Do You Really Understand “Worldview”?

Appendix B

by Dr. Greg Hall on November 26, 2016

“Worldview” is not a uniquely Christian term. It is more of a philosophical term and was first used by German philosophers. In German, the word is Weltanschauung. Generally, it refers to how we view reality and life. In order for the concept of worldview to have significance for us, it pays to see what scholars have said about it, and how they define it. Dr. James W. Sire, in The Universe Next Door gives this definition:

A worldview is a commitment, a fundamental orientation of the heart, that can be expressed as a story or in a set of presuppositions (assumptions which may be true, partially true or entirely false) which we hold (consciously or subconsciously, consistently or inconsistently) about the basic constitution of reality, and that provides the foundation on which we live and move and have our being.1

Though not originally a “Christian” word, Christian philosophers and theologians have used the word to help Christians understand that Christian faith is intended to be a framework (built upon the authority of the Word of God), by which we build the correct way of thinking about the reality and core view of life intended by our Creator. Being a Christian is not a matter of having a compartment of life that is religious and others that are secular — with the false idea that such a position is non-religious. In fact, there are ultimately only two religions in the world — you either start with God’s Word or man’s word.

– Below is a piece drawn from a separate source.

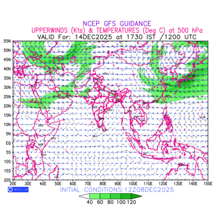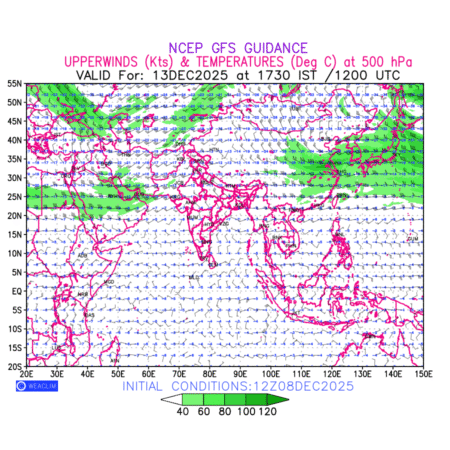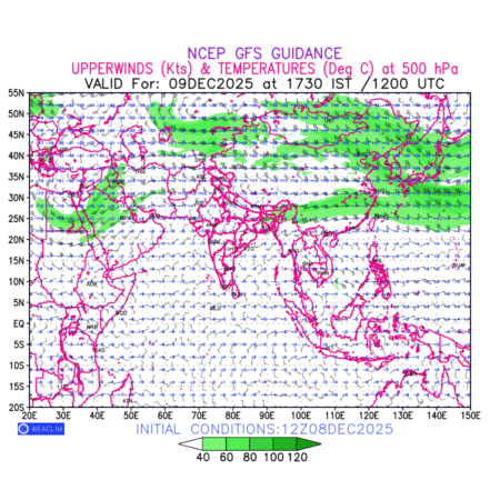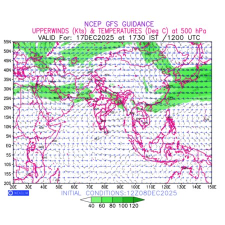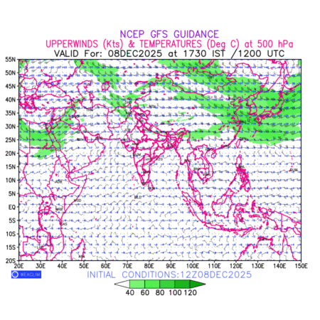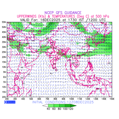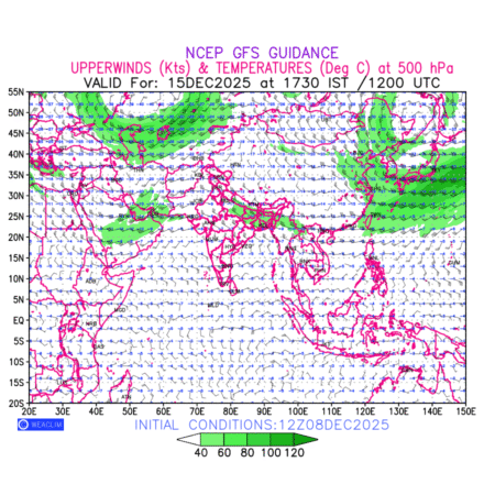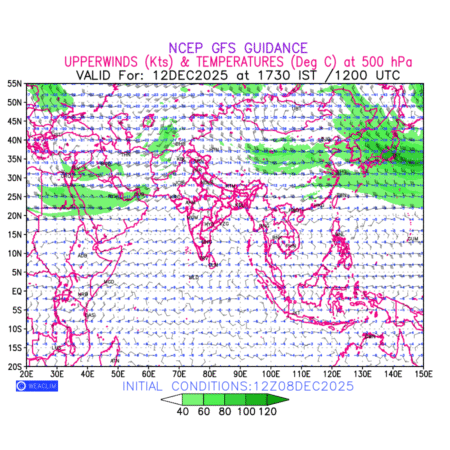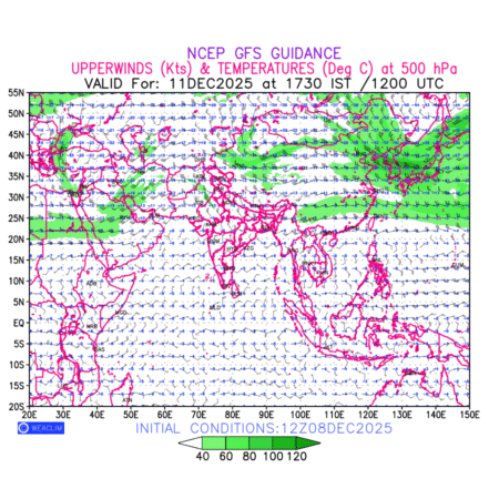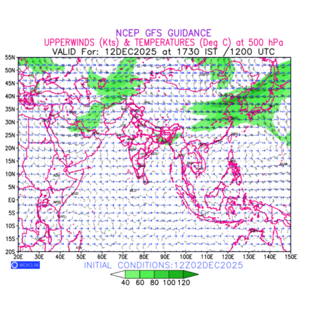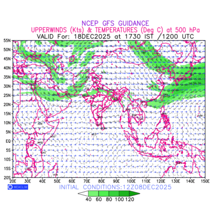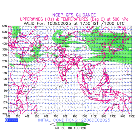 Winds at 500 hPa at the 24th hour for Eurasia refers to the predicted wind direction and speed at a pressure level of 500 hPa, which is located in the upper troposphere about 5.5 km (18,000 ft) above the Earths surface. The winds are presented in knots (kt), and the direction is given in degrees from true north. Winds with magnitude of more than 40 kt are marked in shades of green. It provides important information on forecasting weather patterns, including the movement and intensification of storms, the development of weather fronts, and the location and strength of high and low pressure systems. The depiction also shows the temperature along with the wind barb on the grid points at 500 hPa. Along with the wind speed (kt) and direction, upper air temperatures (Deg C) are also shown at the grid points over the Eurasian Region at 500 hPa level for the next ten days.

The Scripture teaches us there is a God who expects us to live the whole of our lives, not part, in correspondence to His truth and purpose for all of life, based on the foundational propositional truths of God’s Word.

For those interested in a very scholarly overview of the worldview discussion, you should have as a resource, Worldview, the History of a Concept, by Dr. David K. Naugle.2 This book gives us a historical perspective on the various definitions offered by scholars including:

“Worldview” in a Christian perspective implies the objective existence of the trinitarian God whose essential character establishes the moral order of the universe and whose word, wisdom, and law define and govern all aspects of created existence.3

I have had the fortune of being part of the Centurions Program, a ministry of Prison Fellowship devoted to helping believers understand the significance of worldview thinking. Even though there are some areas of concern regarding Genesis, nonetheless, I agree with Chuck Colson when he defines worldview like this:

It is the sum total of our beliefs about the world, the “big picture” that directs our daily decisions and actions.”4

The definition of “worldview” is the first step in understanding this important topic, but there is more to it than definition. It is important to understand the “content” of what goes into making a worldview.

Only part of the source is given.